His lips thinned, like he was holding back words, or his temper. She should have said New York, or Chicago, or Atlanta. Anywhere but Seattle. The word was like saying failure.
Then he said, “It’s the principle of the matter, Evie. I have to do my part. I can’t go to L.A. or Seattle to help. So I do what I can here. Even if it isn’t much. Even if it doesn’t mean anything.”
He’d joined the Watch five years ago, right after Emma died. It was how he coped. Evie had the comic; he had this.
She couldn’t say anything to stop him. She’d cornered herself by bringing up Seattle, and gave up her right to continue arguing.

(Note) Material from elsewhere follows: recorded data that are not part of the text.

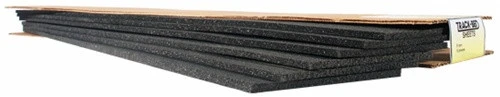 There are six Sheets in this package. These Sheets are great for railyards or sidings. The Sheets are 5mm x 5″x 24″. Track-Bed requires no pre-soaking like cork does: it remains flexible and won’t dry out or become brittle! It aligns well with cork or Homasote applications. Install Track-Bed with Foam Tack Glue (ST1444). Pin in place with Foam Nails (ST1432).
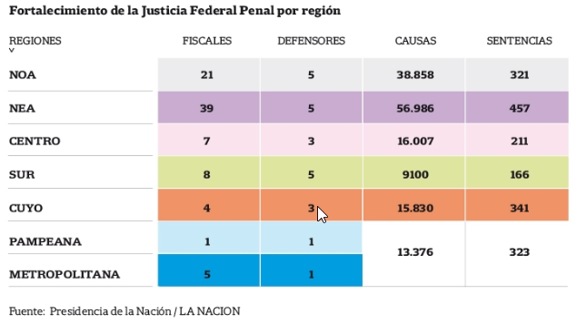 En el NOA la cantidad de jueces federales se incrementará un 121% con la llegada de 17 nuevos funcionarios. En el NEA el crecimiento será del 100% con el ingreso de 23 nuevos jueces, y en el centro el incremento será del 78%, con 14 nuevos jueces.
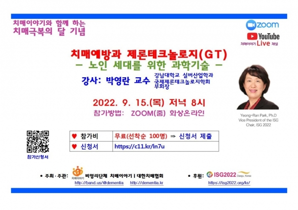 비영리단체 치매이야기가 주최하고 대한치매협회가 주관하는 '치매예방과 제론테크놀로지(GT)' 교육이 오는 15일 ZOOM(줌) 화상온라인으로 열린다.
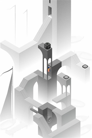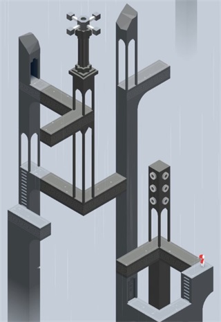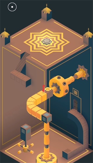 場景三先將建筑轉成下圖這個樣子,接著進入傳送門,小人會從中間一層的門出來,再次旋轉建筑,組成樓梯,使小人可以向上攀登,最后三次旋轉可以帶領小人進入最終的門啦!場景四中的凸弧形墻與凹弧形墻都是可移動的,先利用凸墻移動到前側灰色按鈕處,再到另一個按鈕處,圖騰出現(xiàn),本章完結。
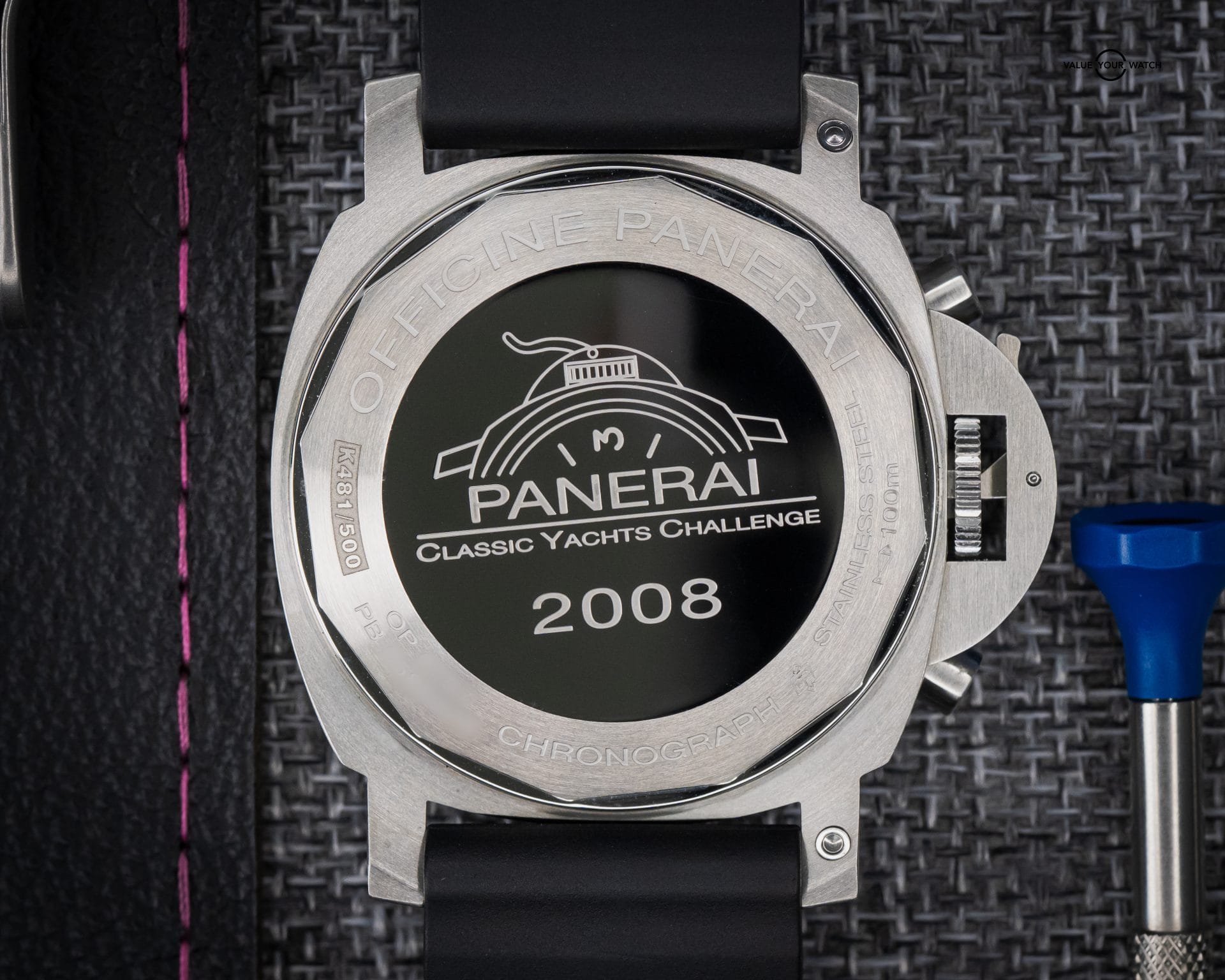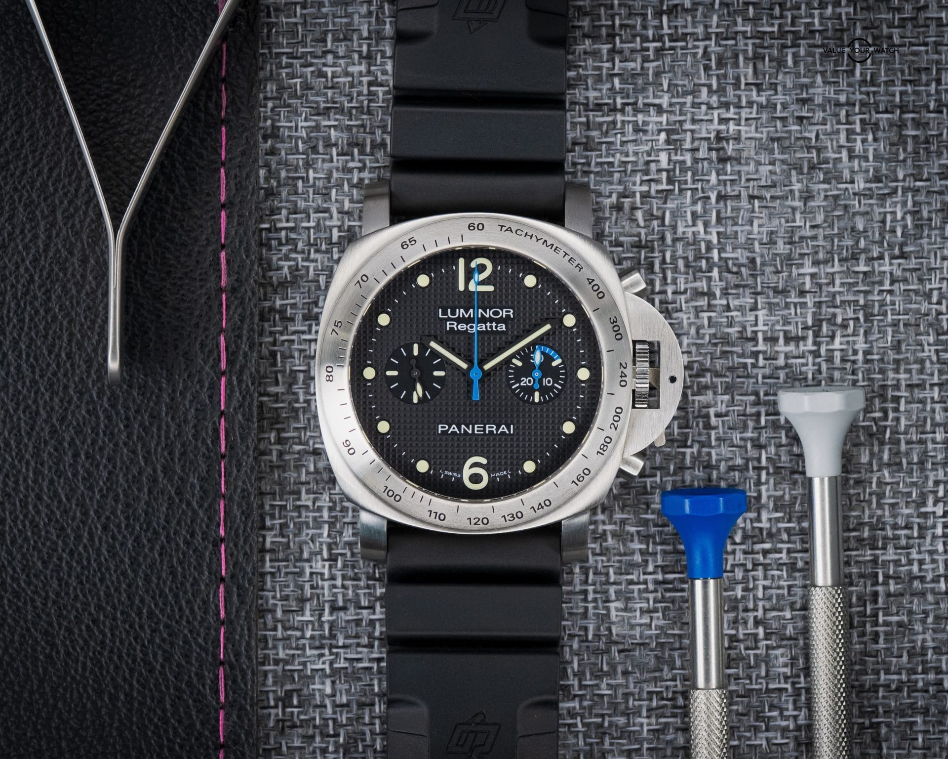 The PAM00308 isn’t just a chronograph — it’s a numbered piece of Panerai history. Released as part of the 2008 Special Editions collection and limited to only 500 pieces worldwide, this Luminor Regatta commemorates the prestigious Panerai Classic Yachts Challenge. Between its crisp hobnail-textured dial, vibrant blue Regatta accents, and full collector’s set, this example remains completely unworn, down to the original hangtag still attached.
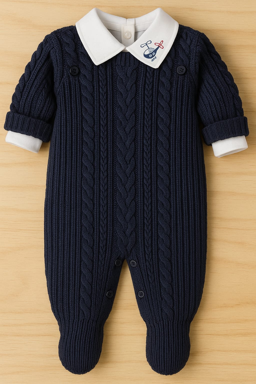 Conjunto Guará, composto pelo nosso body 100% pima e macacão tricô. A combinação garante o maior conforto para este Natal.
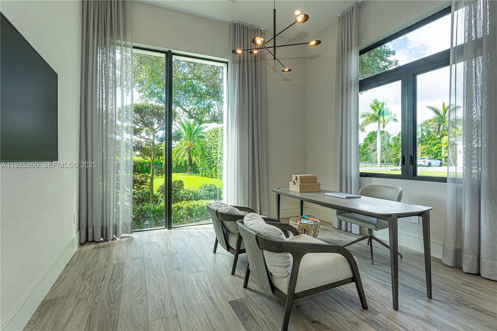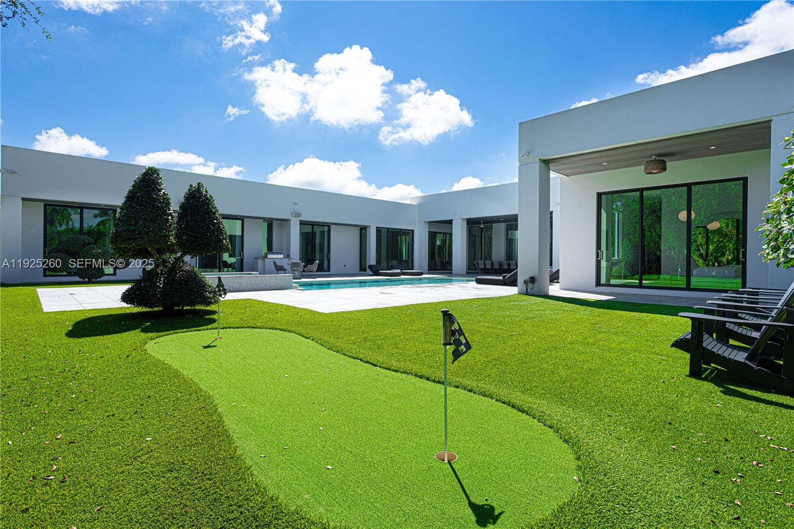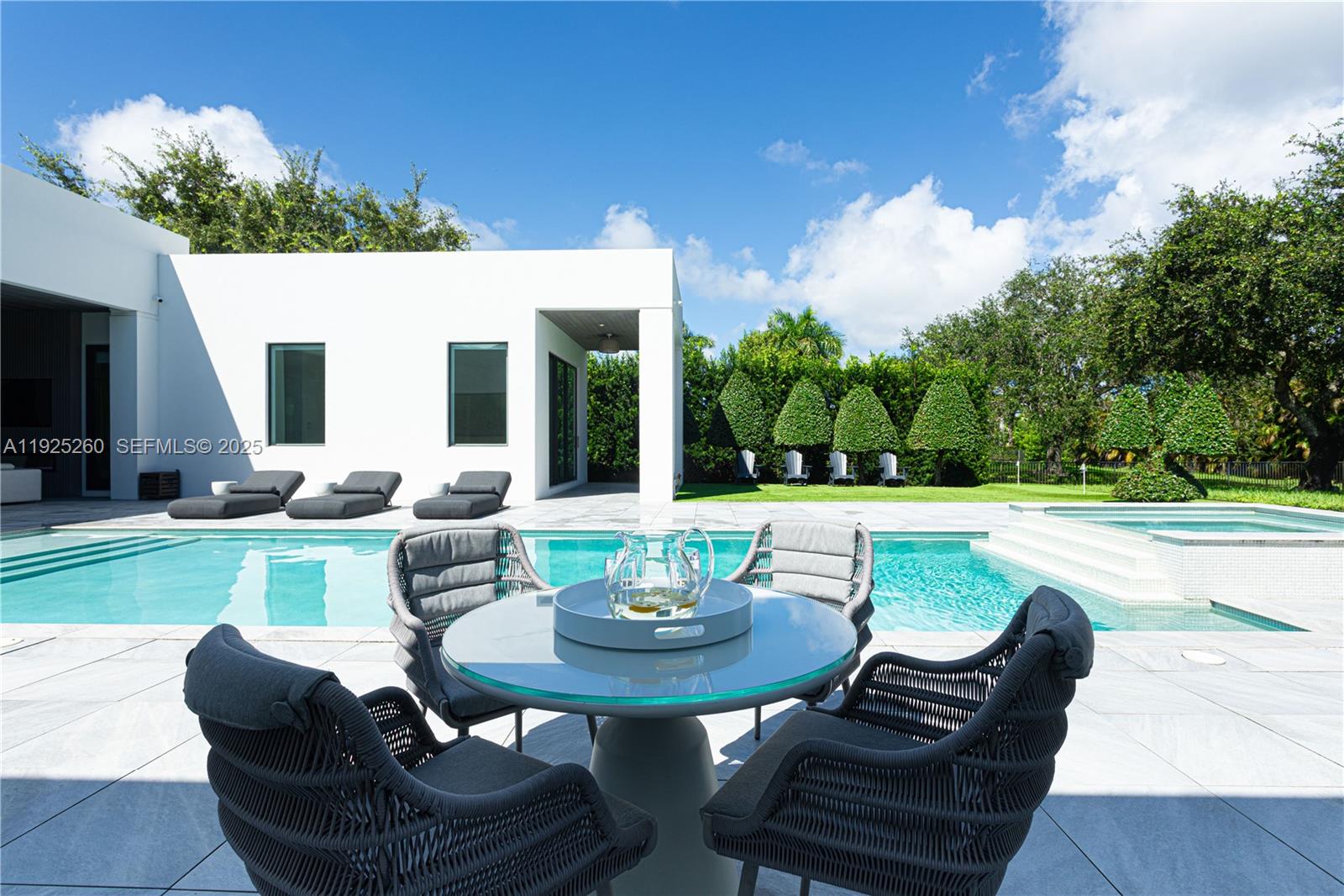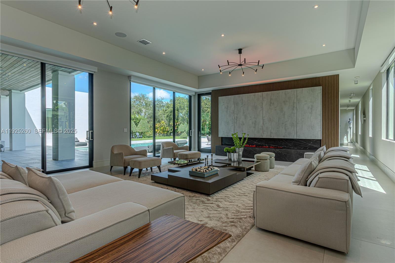 Luxury modern living awaits in this stunning 5 bedroom, 6 bathroom contemporary estate located in The Reserve an exclusive, gated enclave consisting of only 8 custom homes in the prestigious Southwest Ranches community. Set on a full 1-acre lot, this 5,532 sq ft single-story residence boasts clean architectural lines, expansive impact glass windows, and beautifully sculpted landscaping that delivers unmatched curb appeal. Inside, the open-concept design features soaring ceilings, abundant natural light, and premium finishes throughout. Office space provides flexibility for work or study. The chef-inspired kitchen is equipped with top-of-the-line Wolf appliances and Sub-Zero refrigeration, ideal for entertaining and culinary excellence. Each bedroom is a private suite with its own luxuriously designed bathroom, offering maximum comfort and style. Perfecting indoor-outdoor living, floor-to-ceiling glass doors lead to a resort-style backyard oasis with a sparkling pool, expansive patio, and lush privacy. A built-in Sonos audio system enhances entertainment, while Control4 smart-home technology, security cameras, and electric blinds throughout the home provide seamless convenience. The high-end 4-car garage includes upgraded flooring and custom cabinet storage This beautiful property is also available fully furnished, ready for immediate move-in, with a negotiable price.

“Dad—I think you should go to the hospital. After yesterday—I could drive you, just to get checked out—”
“What’s the point? They’ll tell me it’s hopeless. That there’s nothing they can do to save me, but they can give me something for the pain, and they’ll pump me full of morphine and leave me in a bed to fade away. I can die on my own, I don’t need their help.” His hand on the doorknob, Mab sitting nearby and looking earnestly up at him, he said, “Watch over the Storeroom.”
Stifled tears tightened her voice. “I don’t care about that.”
“You will.” He scratched Mab’s ears. “Help Evie watch the Storeroom, girl.”
He closed the door behind him. Through the kitchen window, Evie watched him walk to the end of the driveway just as Johnny drove up in his police sedan. She thought her father was still limping. With his hands shoved in his coat pockets, his shoulders stiff against the chill air, it was hard to tell.
Robin Goodfellow crouched in the scrub by a fence post and watched the artist at work. The Curandera stood on the side of the highway running east out of town. The wind tangled her graying black hair; she wore a turquoise-and-silver pendant, which she gripped in her hand.
A person could go east from here, and keep going east for a thousand miles without the scenery changing much: flat winter fields covered in dry, bent stalks; a few fence posts strung with barbed wire; and sky, so much wide-open sky, a person could lose himself, wander in circles, and feel so small, he’d disappear from the universe.